• _Required action_:
For the entries that follow, restate word for word the line containing "This is a time", the line containing "Muzikant REYER en", and every line that lies between them.

• _Records provided_:
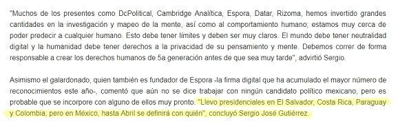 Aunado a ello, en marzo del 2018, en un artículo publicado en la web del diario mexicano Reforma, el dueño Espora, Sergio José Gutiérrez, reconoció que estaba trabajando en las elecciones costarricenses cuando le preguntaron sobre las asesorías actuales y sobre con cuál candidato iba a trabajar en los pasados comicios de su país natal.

...

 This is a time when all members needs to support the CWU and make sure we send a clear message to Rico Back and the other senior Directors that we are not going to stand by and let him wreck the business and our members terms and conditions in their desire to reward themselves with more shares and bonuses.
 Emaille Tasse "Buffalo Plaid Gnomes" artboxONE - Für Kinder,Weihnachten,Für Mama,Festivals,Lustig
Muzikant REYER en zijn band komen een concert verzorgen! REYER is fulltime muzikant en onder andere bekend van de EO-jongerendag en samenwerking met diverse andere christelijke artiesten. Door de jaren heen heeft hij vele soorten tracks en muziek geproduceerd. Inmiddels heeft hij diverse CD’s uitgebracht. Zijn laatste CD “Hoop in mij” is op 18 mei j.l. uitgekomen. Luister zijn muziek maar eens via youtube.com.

• _Task solution_:
 This is a time when all members needs to support the CWU and make sure we send a clear message to Rico Back and the other senior Directors that we are not going to stand by and let him wreck the business and our members terms and conditions in their desire to reward themselves with more shares and bonuses.
 Emaille Tasse "Buffalo Plaid Gnomes" artboxONE - Für Kinder,Weihnachten,Für Mama,Festivals,Lustig
Muzikant REYER en zijn band komen een concert verzorgen! REYER is fulltime muzikant en onder andere bekend van de EO-jongerendag en samenwerking met diverse andere christelijke artiesten. Door de jaren heen heeft hij vele soorten tracks en muziek geproduceerd. Inmiddels heeft hij diverse CD’s uitgebracht. Zijn laatste CD “Hoop in mij” is op 18 mei j.l. uitgekomen. Luister zijn muziek maar eens via youtube.com.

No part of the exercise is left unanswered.